Digital finance can enable 1 billion people to access climate resilience solutions by 2030
Climate change is here. An estimated 50 million people were impacted by climate disasters in 2020 alone, and this count doesn’t include those impacted by longer run changes in precipitation and temperature on their wellbeing and livelihoods. In 2021, there have been historic fires in the Western US, flooding in Germany, China, and India, and droughts in Brazil, Argentina, and Madagascar.
The landmark IPCC report from this year declared that even if we meet emissions targets, climate changes will get worse before they get better. While progress needs to be accelerated in reducing emissions, we urgently need to recognize the dual priority of building climate resilience to protect lives and livelihoods of climate-vulnerable populations globally.
To that end, the UN climate champions team has set a goal to improve the climate resilience of 4 billion people by 2030 — over half of the global population. All eyes are on the COP26 conference and negotiations this November to see if climate resilience is part of the discussion in a meaningful way, alongside real progress on emissions reduction.
But every day we wait for action on climate change comes with a cost, and it’s borne by those who can least afford it. Those most affected are in low-income communities around the world who don’t have the resources or the tools to cope with what we’re already experiencing today. Worse still, not only are they the most impacted, but they also contribute the least to climate change; they use less energy or other resources in their daily lives compared to wealthier households, who actually have the ability to adapt and withstand climate changes.
Solutions exist that can build resilience to climate change for low-resource and low-income households and communities. For example, basic financial products like insurance, livelihood-enabling technology like irrigation, and even simply better weather forecasting can improve the ability to anticipate, recover from, and adapt to climate changes. However, many of these solutions aren’t reaching scale quickly enough and aren’t reaching into the most climate vulnerable populations.
BFA Global, financially supported by PayPal, and including CGAP, UNCDF’s Better than Cash Alliance, the World Resources Institute, and the UN Race to Resilience, created a task force to explore how digital financial technologies like digital payments or embedded credit and insurance could enable greater access to these solutions, while broadening their reach and making them more affordable. We have seen other examples of digital finance catalyzing access to life-improving technologies: for example, pay-as-you-go solar technology that uses digital payments and embedded credit to enable access to affordable solar energy systems for millions of families without access to formal electricity.
Digital finance can be a critical tool for building climate resilience among the world’s poor and excluded who today represent the front line in the growing global climate emergency.
The Task Force on Digital Finance for Climate Resilience (DF4CR) estimates that digital financial services could help more than 1 billion people by 2030 gain access to climate resilience products and services, and that there is the potential for over US$25 billion in capital a year to flow into this emerging sector.
The DF4CR Task Force, bringing together global experts in climate and digital finance from over 50 additional organizations, has published a Framework for Action in the lead up to COP26 to provide a clear, actionable roadmap that shows how investors, innovators, funders, and policymakers can develop digital finance as an immediate, viable tool that vulnerable populations could use to confront the climate challenge.

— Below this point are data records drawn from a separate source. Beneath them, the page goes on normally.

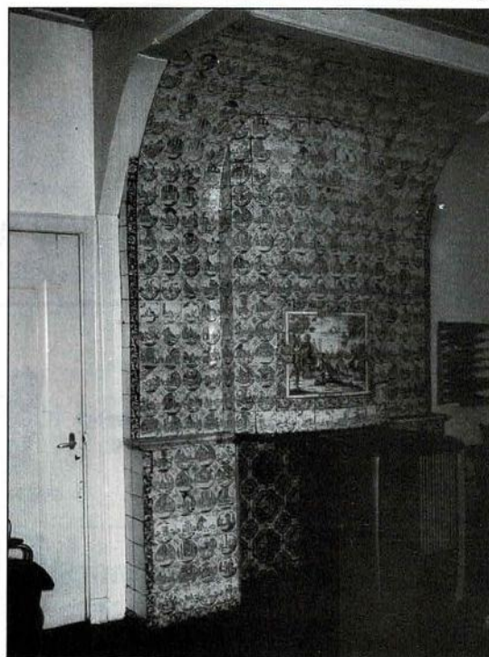
De indrukwekkende smuiger in het kantoor, met het tableau in het midden. De tegels van het tableau zelf zijn blauw, de rest is paars beschilderd.

Over deze schipper en graanhandelaar is teleurstellend weinig in het archief te vinden. Vast staat dat hij tot zijn dood in 1779 eigenaar en bewoner van Kerkbuurt 7 is geweest. Hij behoort dus tot de kandidaten die opdracht gegeven kunnen hebben de smuiger te plaatsen. Omtrent zijn erfenamen en de omvang van zijn nalatenschap heb ik niets kunnen vinden. De uitvoerders van zijn testament brachten in 1780 het pand in veiling. Koper werd burgemeester Poulus de Lange. Hij had er eveneens f 1.700 voor over. Tot zover wat ik heb kunnen vinden over het pand waarin de smuiger ruim 200 jaar het interieur heeft verfraaid.
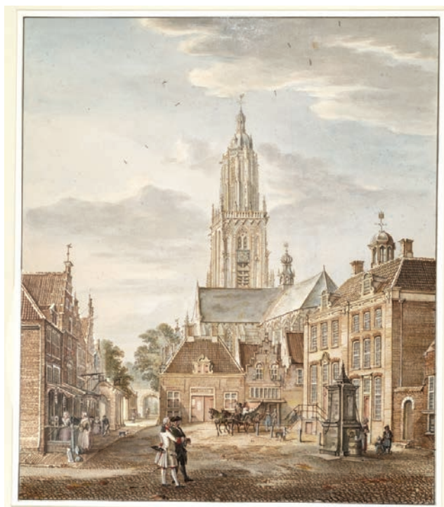
Tekening van Jan de Beijer uit ca. 1745 met de Markt en het huis Thiell

De herberg Thiell aan de Markt in Rhenen kwam al een aantal malen ter sprake. Hieronder vervolgen we met de bewoningsgeschiedenis vanaf de 17 e eeuw tot aan de totale verwoesting door bombardementen tijdens de Tweede Wereldoorlog.
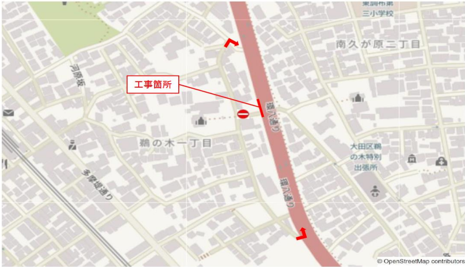
鶺の木1-4付近 施工時の迂回路図
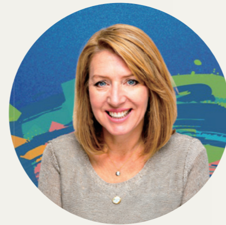
Liz Wiseman 리즈 와이즈먼
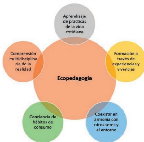
Fig. 5. Componentes de la Ecopedagogía

La eco pedagogía sostiene una visión planetaria que plantea una nueva concepción de la educación para que todo ser humano sea capaz de enfrentarse a los nuevos desafíos globales, reconociendo a la Tierra como un único hogar, promoviendo un sentimiento de identidad planetaria. Es una pedagogía que promueve una ciudadanía comprometida con la cultura de la sostenibilidad, los derechos humanos, la paz, la justicia y el compromiso activo, e implica un cambio en las estructuras económicas, sociales, culturales y del desarrollo humano 2 .
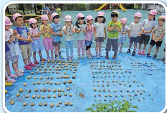
ジャガイモ収穫「すごい! 240個!!」
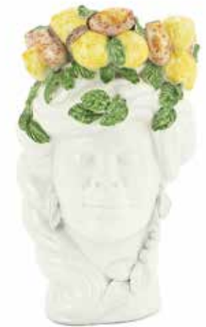
201204,MV NO FACE HEAD VASE LADY H32
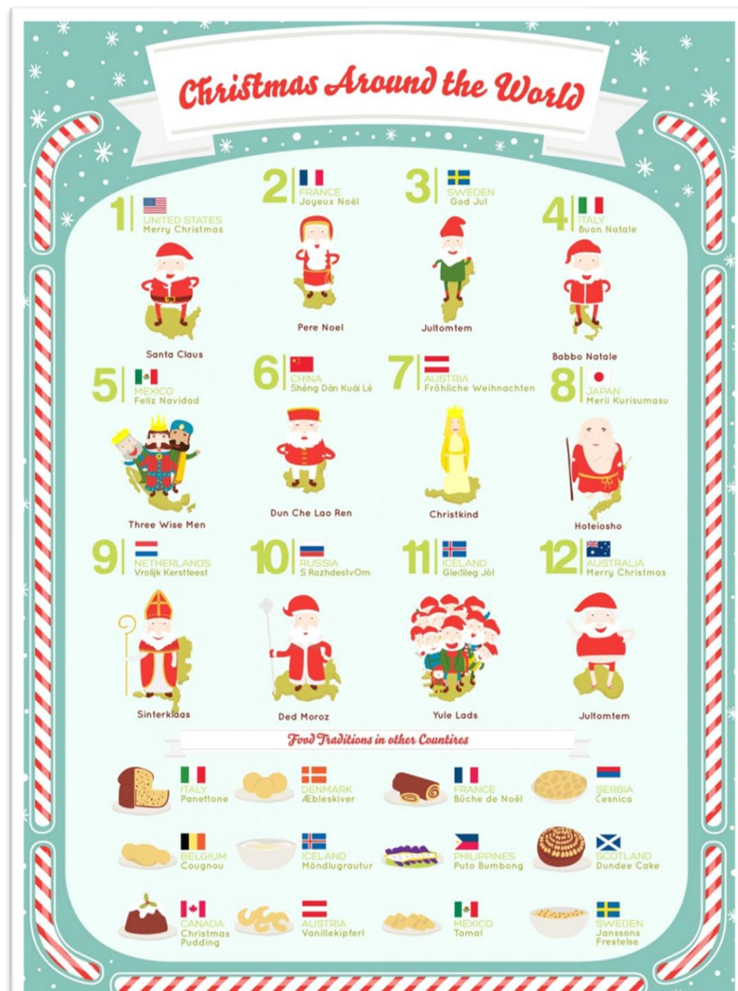
Na fotografiji: voščilo v različnih državah po svetu, poimenovanje dobrega moža in tradicionalna božična jed
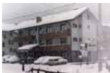
APPARTAMENTI Casa Ables SANT ANTONIO Via Sant Antonio, 4 Tel. (+39) 0342 945 758
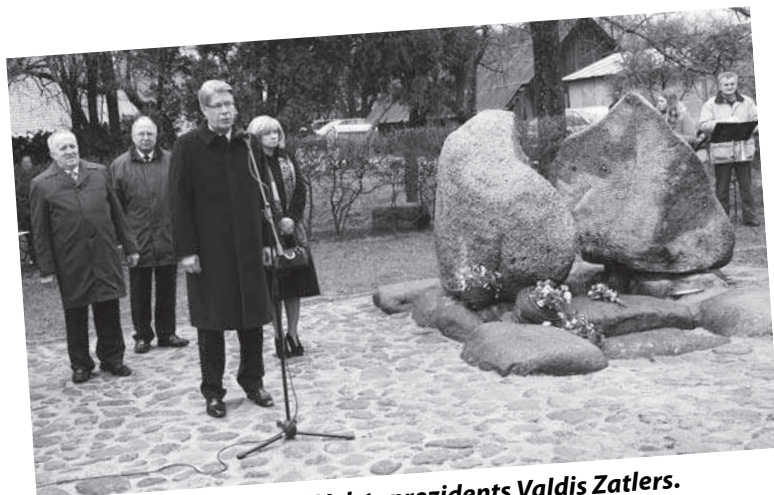
Grāmatu svētkus atklāj Valsts prezidents Valdis Zatlers. Pirmais no kreisās: Alojas pilsētas domes priekšsēdētājs Aloizs Koļešņikovs
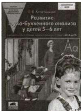
«Развитие звуко- буквенного анализа у детей 5—6 лет». Учебно-методическое пособие.
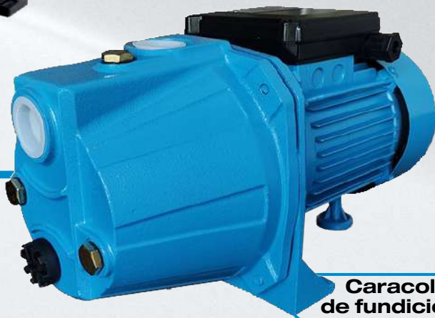
Caracol de fundición

Ideales para bombear grandes caudales de agua en poco tiempo. Una gran alternativa para llevar agua a tanques elevados o riego por aspersión en jardines. Su particular diseño permite aspirar agua aún en presencia de aire mezclado con el líquido.
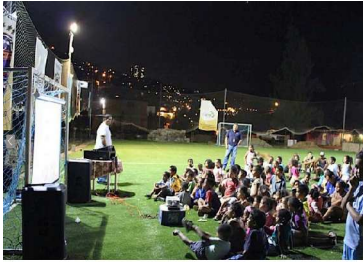
Sucre Municipality, rowles in the street, 2013, Caracas, Venezuela.
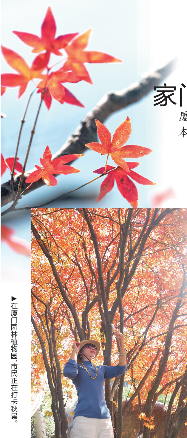
在厦门园林植物园,市民正在打卡秋景。

医护人员提醒,农药中毒救治需争分夺秒,急性中毒多表现为恶心、呕吐、出汗、肌肉颤动等,有机磷类常带刺鼻蒜臭味,口服或吸入后10分钟至2小时即可发病。误服后若患者意识清醒,可立即催吐并携带农药瓶就医;皮肤接触需脱污染衣物用肥皂水冲洗(敌百虫中毒禁用碱性液体),吸入者需转移至空气新鲜处。
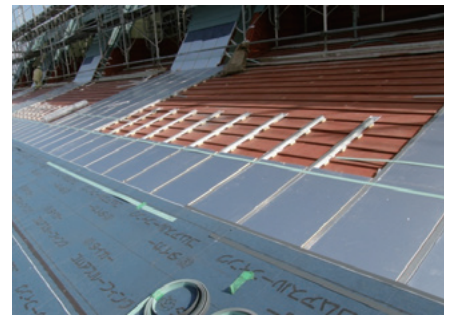
横ぶき屋根の改修
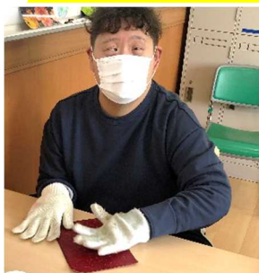
革を拭いてなめし、色落ちを防ぎます
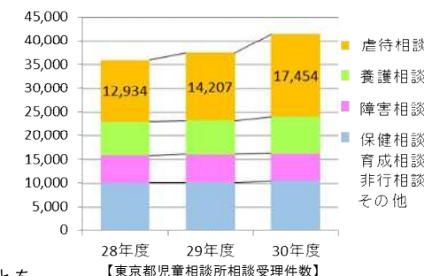
【東京都児童相談所相談受件数】
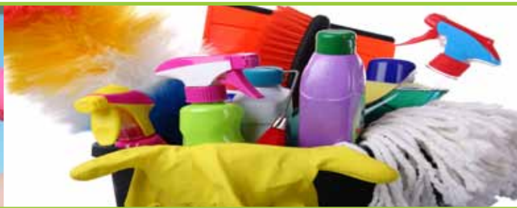
Textil- und Hausservice Arbeitstraining
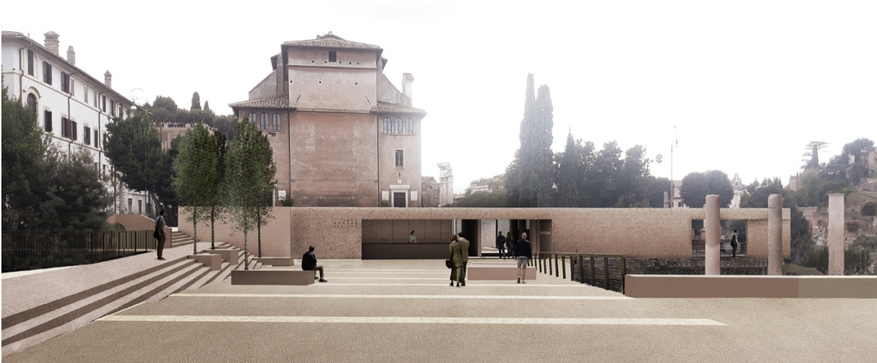
Fig. 4. Nuovo accesso Foro Romano –Palatino da Via dei Fori Imperiali (2019-2020). Prefigurazione.

che ritenersi oramai acquisita. Un'operazione di ri-definizione dei margini diviene pertanto prioritaria per la determinazione di un nuovo fronte urbano ad oggi frastagliato e incompiuto. Per noi l'edificio doveva pertanto rispondere a tre prioritarie necessità: creare una quinta urbana da Via Cavour senza assumere le sembianze di un terminale prospettico, operare sul margine di scavo definendo il recinto archeologico ed in ultimo, delineare un nuovo basamento per San Lorenzo in Miranda, ovviando definitivamente al ribaltamento di fronte avvenuto a seguito della creazione del nuovo asse urbano. In tale direzione la scelta è stata quella di un 'edificio-sostruzione' che, disegnato intrecciando le linee generatrici dell'impianto dell'antico Tempio di Antonino e Faustina e del Tempio della Pace, definisce una nuova porta urbana per la città antica.
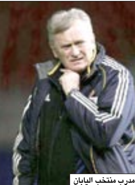
مدرب منتخب اليابان
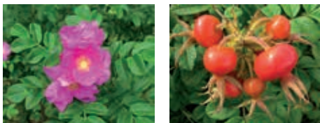
Kartoffelrose .. und ihre Früchte

Beinahe überall finden sich bei uns die robusten Kartoffelrosen, sie säumen Straßen und Gärten, Böschungen und Bahndämme. Im Sommer erfreuen sie uns mit ihren großen, kräftig rosafarbenen oder weißen Blüten, jetzt im Herbst mit ihren dicken roten Hagebutten. Sie sind ein so vertrauter Anblick, dass man meinen könnte, sie entstammten der heimischen Flora, aber in Wirklichkeit sind sie im Osten Asiens beheimatet. Erst am Ende des 18. Jahrhunderts gelangte die Kartoffelrose ( Rosa rugosa ) nach Europa und machte sich rasch als Zierpflanze beliebt.

The Framework calls on existing digital finance innovators to incorporate climate resilience considerations into their existing products and services already reaching financially-excluded communities. For example, inclusive fintech providers that offer credit to financially excluded populations should explore incorporating disaster insurance offerings or easily-deployable credit to invest in climate adaptation products like irrigation or improved housing materials.
Inclusive fintech provides can also be used as a communication channel for early warning systems – simply sending SMS alerts prior to extreme weather events. The Framework also calls on investors to promote innovators who can champion DF4CR and attract additional investors to the space. It additionally calls on investors to create investment vehicles with a more patient return profile to better suit the needs of DF4CR innovators.
The Digital Finance for Climate Resilience Framework for Action is an urgently-needed, experience-based roadmap to tackle the foremost threat to our planet today. Cutting through the conversations about extreme weather, the existential threat of climate change, and the lagging progress on emissions reductions, the Framework gives us a glimpse of a better future, charting a path for funders, innovators, investors, governments & policymakers, and enabler-bodies to make immediate progress towards building climate resilience through digital financial technologies.